J Allergy Clin Immunol Pract. 2020 Sep;8(8):2643-2650.e2. doi: 10.1016/j.jaip.2020.03.045. Epub 2020 Apr 15.
Impaired symptom perception is often listed as a risk factor for life-threatening asthma, but there is limited evidence to support this.
We aimed to determine whether impaired perception of bronchoconstriction (BC) and/or dynamic hyperinflation (DH) are risk factors for severe asthma exacerbations.
In this prospective cohort study, individuals with asthma underwent high-dose methacholine challenge testing. Changes in forced expiratory volume in 1 second (FEV) (% predicted) and inspiratory capacity (IC) (% predicted) were measured to assess the degree of BC and DH, respectively, during high-dose methacholine bronchoprovocation. Participants rated dyspnea intensity during testing and were categorized as poor, normal, and over perceivers of BC and DH based on perception scores at standardized changes (20%, 30%, and 40%) in FEV (% predicted) and IC (% predicted). We compared the rates of severe asthma exacerbations (defined as one of emergency department [ED] visit or hospitalization) between groups, using Ontario's administrative health databases.

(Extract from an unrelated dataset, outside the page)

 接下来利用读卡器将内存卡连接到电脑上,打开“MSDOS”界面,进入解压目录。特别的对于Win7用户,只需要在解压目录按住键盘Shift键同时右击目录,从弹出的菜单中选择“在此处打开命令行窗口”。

Poor perceivers had higher rates of ED visits and hospitalizations as compared with normal perceivers at 4 of 6 threshold decreases in FEV and IC studied. Poor perceivers of severe DH had a 6-fold increase in asthma exacerbations (odds ratio, 5.7; 95% confidence interval, 1.31-25.03).

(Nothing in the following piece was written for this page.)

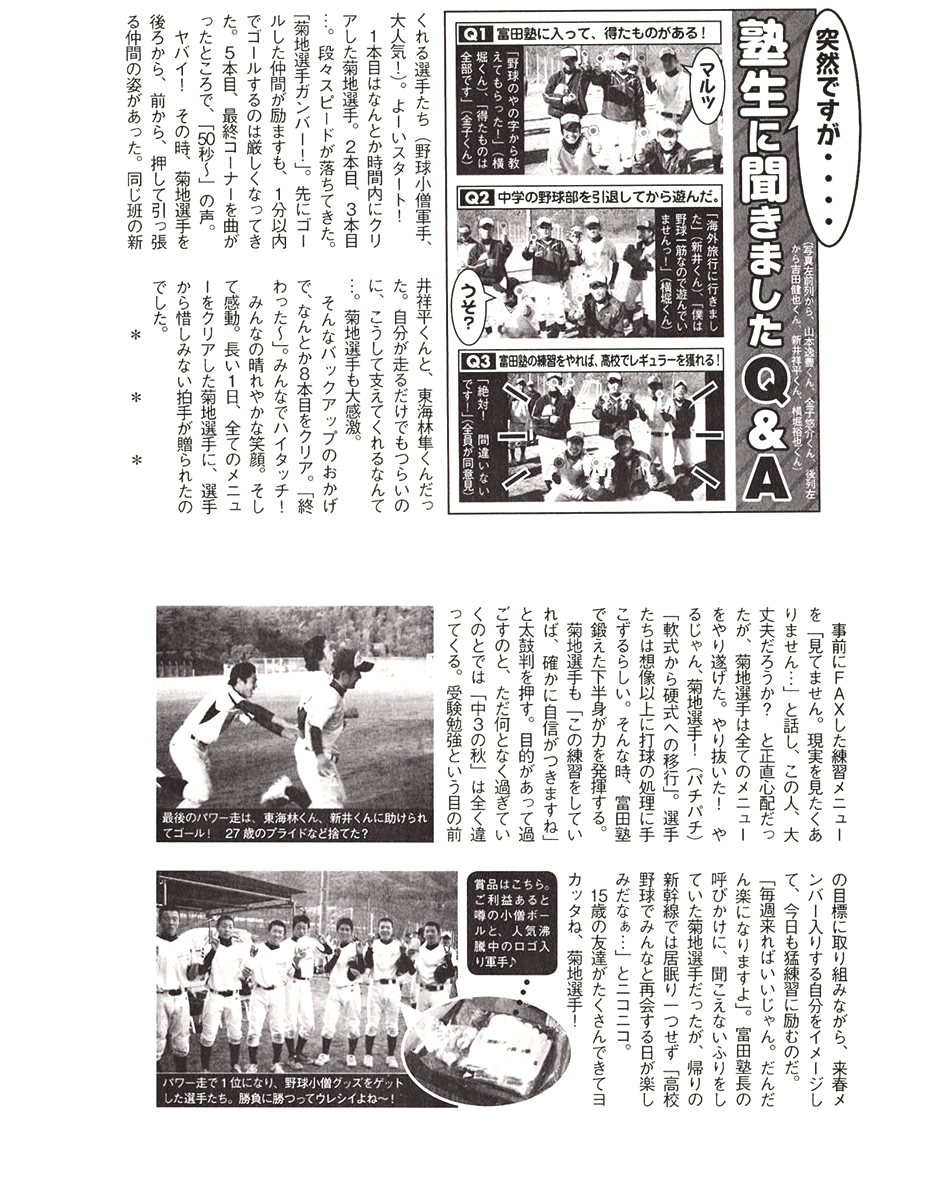 富田塾は群馬県で最も歴史のある野球塾。卒業した塾生は、県内外の強豪校へ進学。その後プロ野球へと進んだ者もいる。

Health services utilization is increased in individuals with asthma who have poor perception of BC and DH. Poor perceivers of severe DH appear to be at the highest risk of exacerbations.
症状感知受损常被列为危及生命的哮喘的一个风险因素,但支持这一观点的证据有限。
我们旨在确定支气管收缩(BC)和/或动态肺过度充气(DH)感知受损是否为严重哮喘发作的风险因素。
在这项前瞻性队列研究中,哮喘患者接受了高剂量乙酰甲胆碱激发试验。在高剂量乙酰甲胆碱支气管激发试验期间,分别测量1秒用力呼气容积(FEV)(预测值%)和吸气容量(IC)(预测值%)的变化,以评估BC和DH的程度。参与者在测试过程中对呼吸困难强度进行评分,并根据FEV(预测值%)和IC(预测值%)在标准化变化(20%、30%和40%)时的感知评分,分为BC和DH感知差、正常和过度感知者。我们使用安大略省的行政卫生数据库比较了各组之间严重哮喘发作(定义为急诊科就诊或住院之一)的发生率。
在所研究的FEV和IC的6个阈值降低中,有4个阈值下,与正常感知者相比,感知差的患者急诊科就诊和住院率更高。严重DH感知差的患者哮喘发作增加了6倍(比值比,5.7;95%置信区间,1.31 - 25.03)。
对BC和DH感知差的哮喘患者的医疗服务利用率增加。严重DH感知差的患者似乎发作风险最高。